The easiest way to define commands is to use define-application-frame , which automatically creates a command table for your application. This behavior is controlled by the :command-table option. It also defines the command-defining macro you will use to define the commands for your application. This is controlled by the :command-definer option.

This command-definer macro behaves similarly to define-command , but automatically uses your application's command table, so you needn't specify one.

Here is a code fragment illustrating the use of define-application-frame , which defines an application named editor . A command table named editor-command-table is defined to mediate the user's interactions with the editor application. define-application-frame also defines a macro named define-editor-command , which you will use to define commands for the editor application and install them in the command table editor-command-table .

(clim:define-application-frame editor () ()
 (:command-table editor-command-table)
 (:command-definer define-editor-command) ...) 

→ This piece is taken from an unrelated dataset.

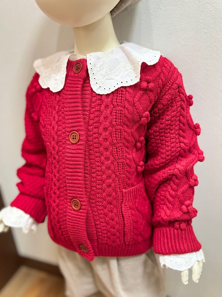 〔100〕SHIPS KIDS:100〜130cm /〈洗濯機可能〉ケーブル ニット ポンポン カーディガン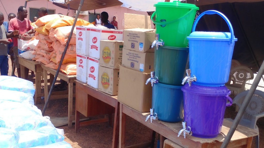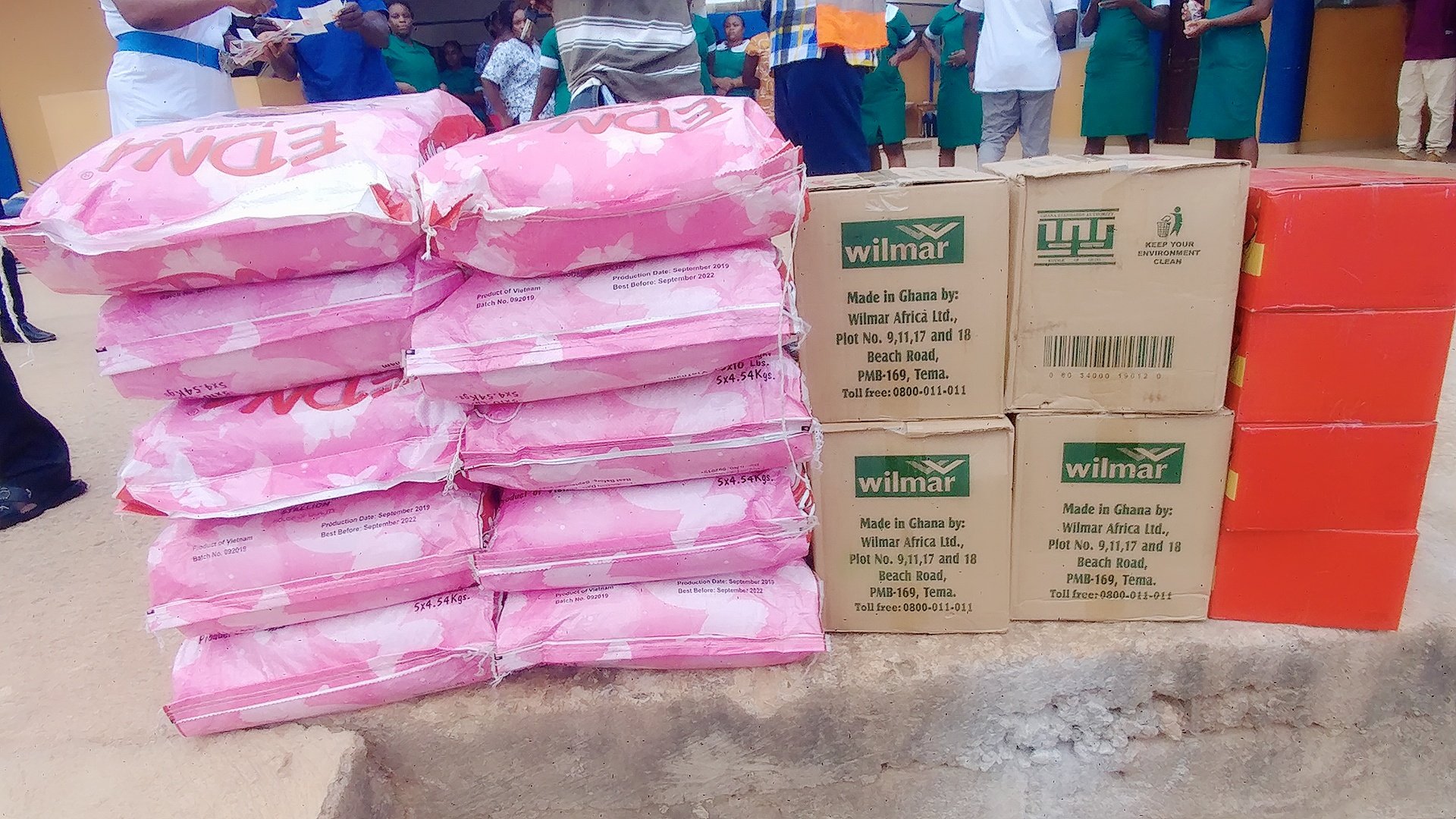 The items running into hundreds of thousands of Ghana Cedis included Bags of rice,Boxes of cooking oil,Bags of Sachet water and Boxes of Soaps meant to help the beneficiaries cope with life due to the lockdown.

Note that for this particular example, the :command-table and :command-definer options are not specified, since the names that they specify are the ones that would be generated by default. Provide these options only when you want different names than the default ones, you don't want a command definer, or you want to specify which command tables the application's command table inherits from. See the macro define-application-frame , in 9.2, Defining CLIM Application Frames for a description of these options.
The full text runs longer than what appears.